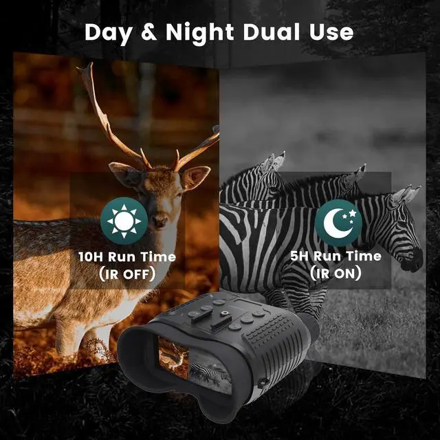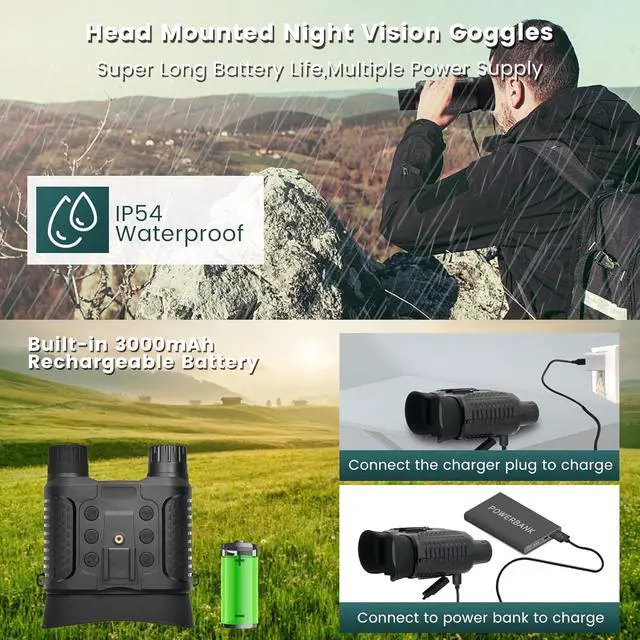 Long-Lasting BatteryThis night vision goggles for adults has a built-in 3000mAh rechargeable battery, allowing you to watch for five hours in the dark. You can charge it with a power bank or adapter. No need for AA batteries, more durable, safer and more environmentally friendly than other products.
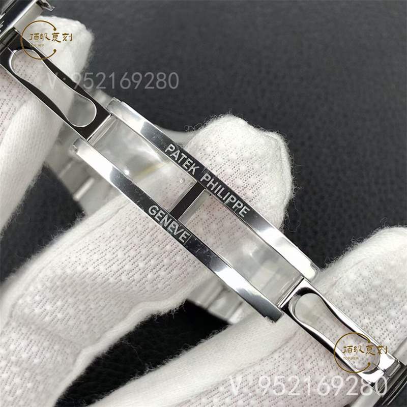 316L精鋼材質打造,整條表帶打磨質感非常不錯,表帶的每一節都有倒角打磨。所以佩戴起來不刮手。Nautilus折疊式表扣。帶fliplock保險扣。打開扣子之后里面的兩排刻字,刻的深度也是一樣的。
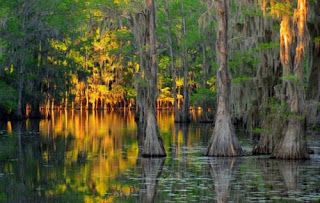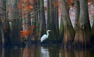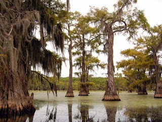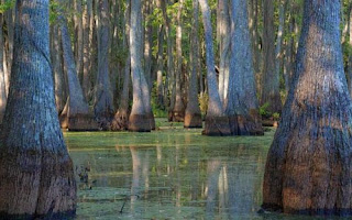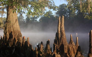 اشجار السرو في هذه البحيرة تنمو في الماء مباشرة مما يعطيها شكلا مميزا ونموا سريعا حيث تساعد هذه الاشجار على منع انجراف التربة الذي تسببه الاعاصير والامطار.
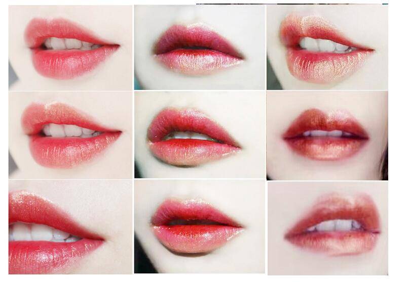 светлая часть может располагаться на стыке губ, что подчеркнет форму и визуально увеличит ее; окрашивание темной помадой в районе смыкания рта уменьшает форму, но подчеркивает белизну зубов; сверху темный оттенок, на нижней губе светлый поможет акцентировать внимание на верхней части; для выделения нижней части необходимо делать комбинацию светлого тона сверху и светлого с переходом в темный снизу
————————
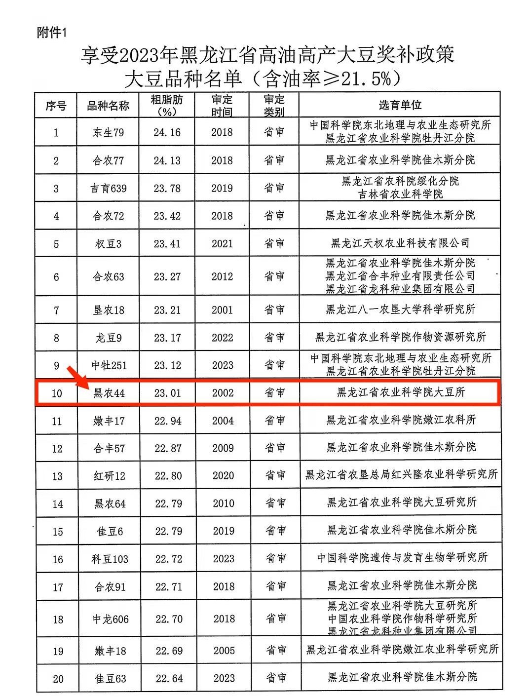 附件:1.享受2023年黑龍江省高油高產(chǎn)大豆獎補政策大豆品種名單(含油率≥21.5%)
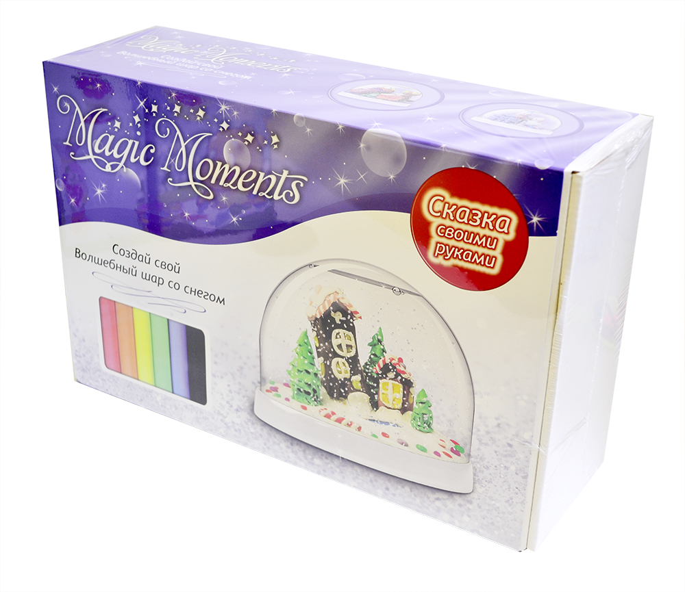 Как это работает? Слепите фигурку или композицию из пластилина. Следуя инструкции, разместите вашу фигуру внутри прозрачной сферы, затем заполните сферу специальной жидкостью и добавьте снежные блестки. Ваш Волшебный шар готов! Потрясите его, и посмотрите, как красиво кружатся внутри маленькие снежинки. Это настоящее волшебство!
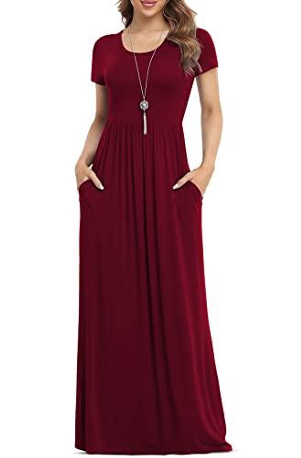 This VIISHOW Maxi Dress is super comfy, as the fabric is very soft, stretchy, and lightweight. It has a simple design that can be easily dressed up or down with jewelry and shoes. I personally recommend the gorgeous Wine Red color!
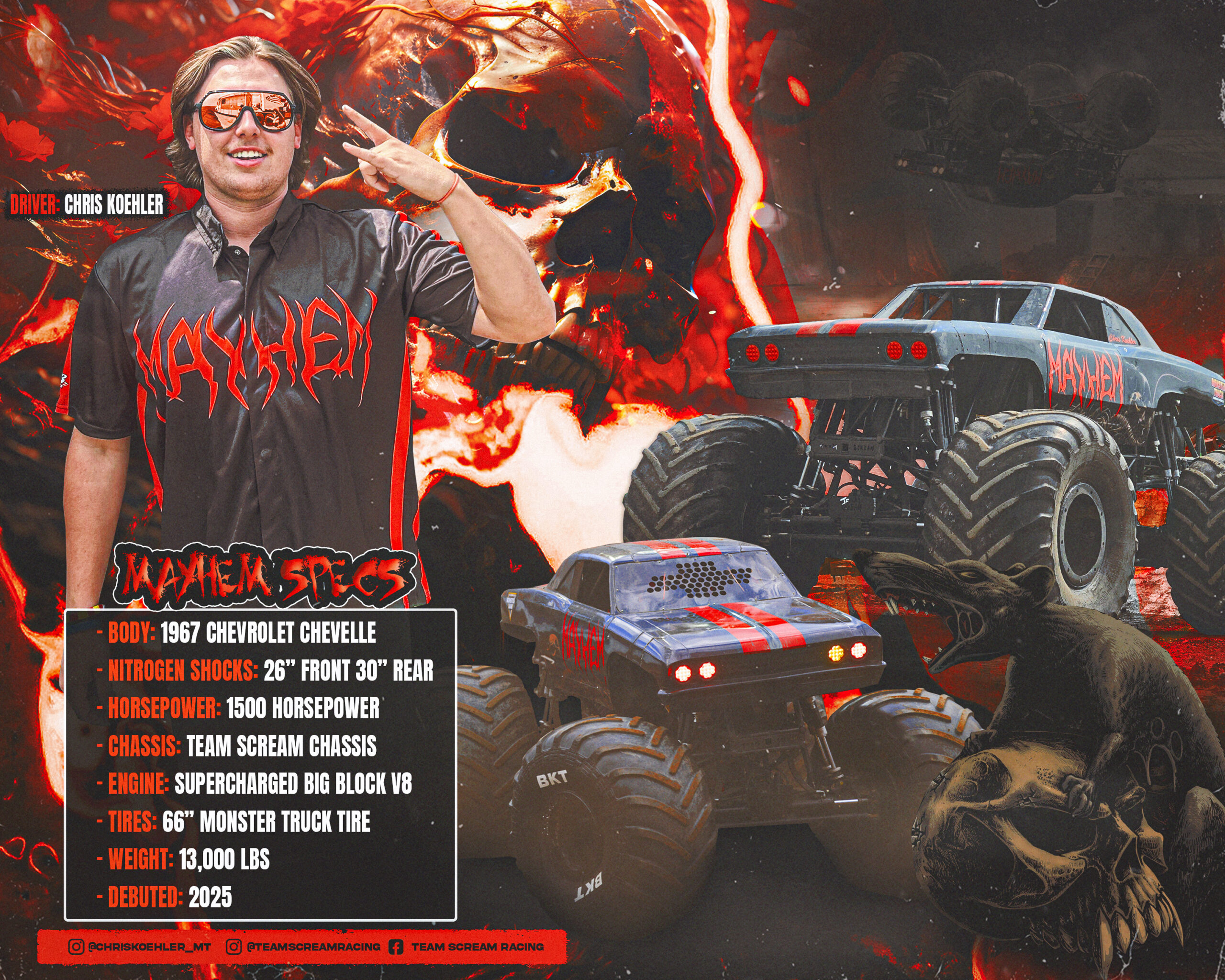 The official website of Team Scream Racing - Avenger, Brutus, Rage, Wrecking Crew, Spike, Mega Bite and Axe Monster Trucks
————————
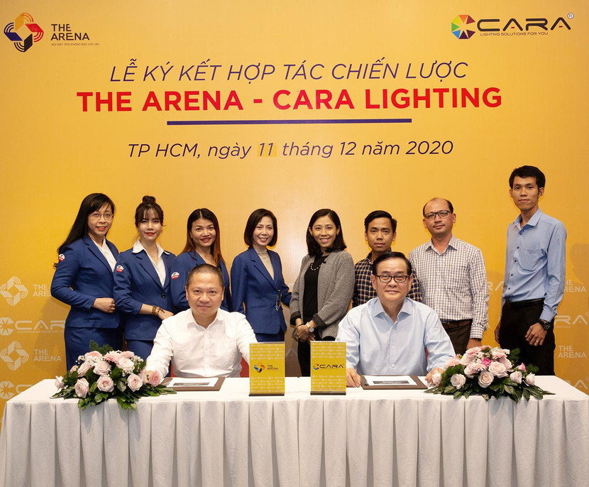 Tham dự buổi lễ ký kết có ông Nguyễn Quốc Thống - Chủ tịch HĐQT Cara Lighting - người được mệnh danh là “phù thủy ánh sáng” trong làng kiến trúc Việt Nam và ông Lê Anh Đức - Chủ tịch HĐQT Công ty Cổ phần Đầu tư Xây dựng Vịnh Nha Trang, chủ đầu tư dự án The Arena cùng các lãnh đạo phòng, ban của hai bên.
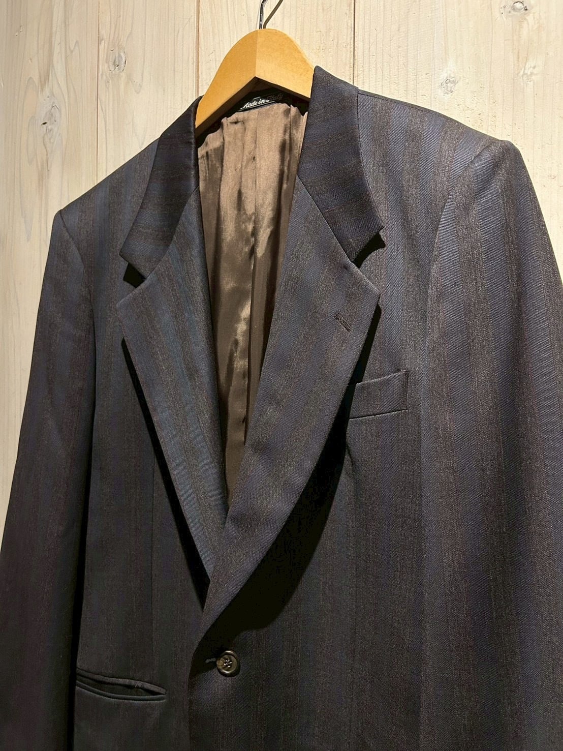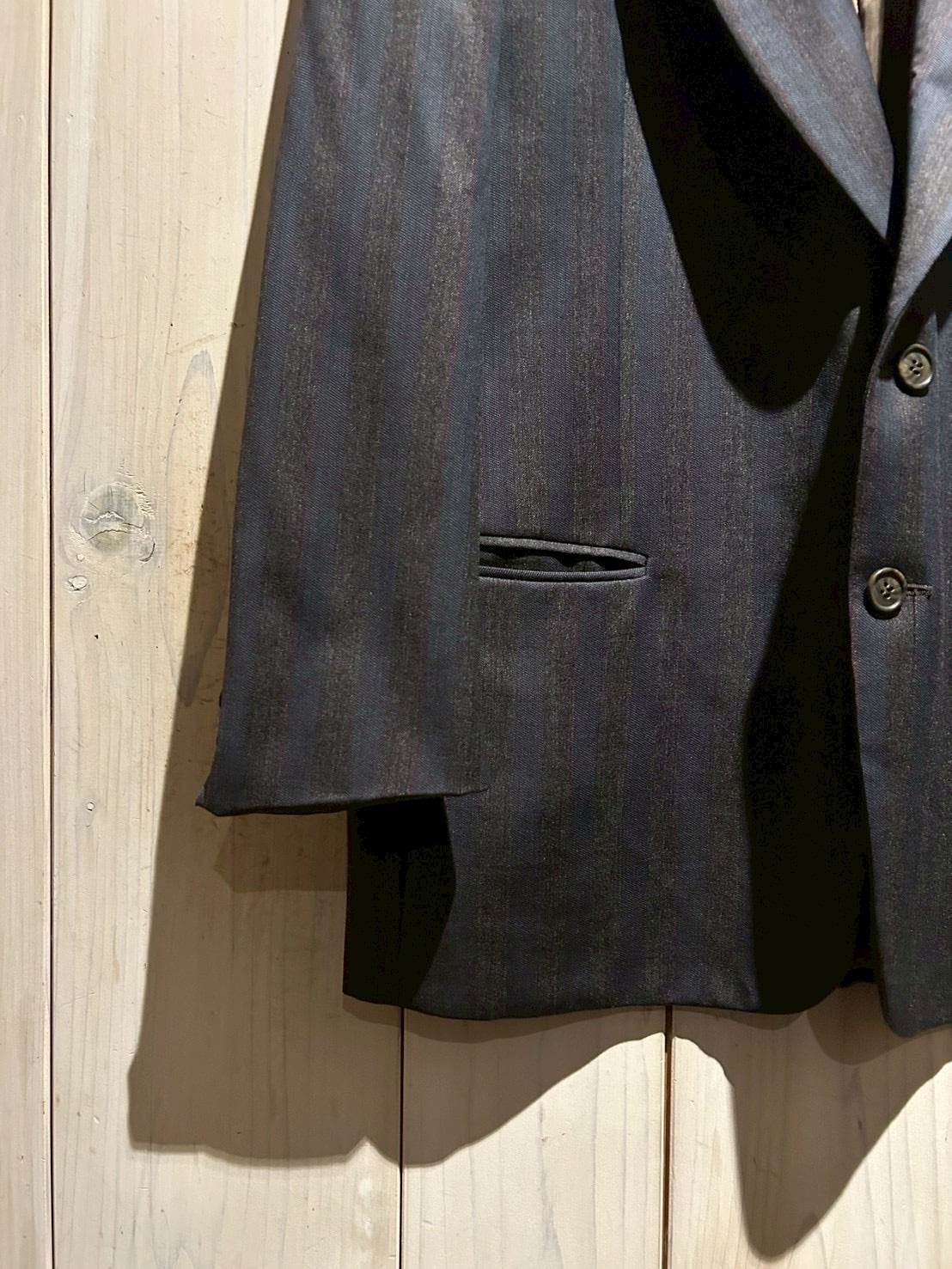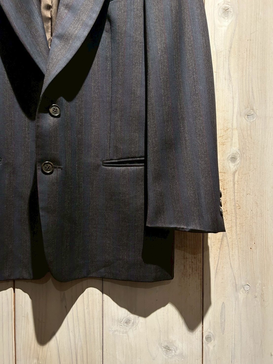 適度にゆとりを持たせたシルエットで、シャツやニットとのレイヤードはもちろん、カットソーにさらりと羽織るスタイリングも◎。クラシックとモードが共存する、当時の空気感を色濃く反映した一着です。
————————
ASSIGNED TASK:
Your reply should hold nothing but the lines above, from the one containing "Как это работает?" to the one containing "The official website", reproduced exactly minus the pictures.

RESULT FOR THIS TASK:
 Как это работает? Слепите фигурку или композицию из пластилина. Следуя инструкции, разместите вашу фигуру внутри прозрачной сферы, затем заполните сферу специальной жидкостью и добавьте снежные блестки. Ваш Волшебный шар готов! Потрясите его, и посмотрите, как красиво кружатся внутри маленькие снежинки. Это настоящее волшебство!
 This VIISHOW Maxi Dress is super comfy, as the fabric is very soft, stretchy, and lightweight. It has a simple design that can be easily dressed up or down with jewelry and shoes. I personally recommend the gorgeous Wine Red color!
 The official website of Team Scream Racing - Avenger, Brutus, Rage, Wrecking Crew, Spike, Mega Bite and Axe Monster Trucks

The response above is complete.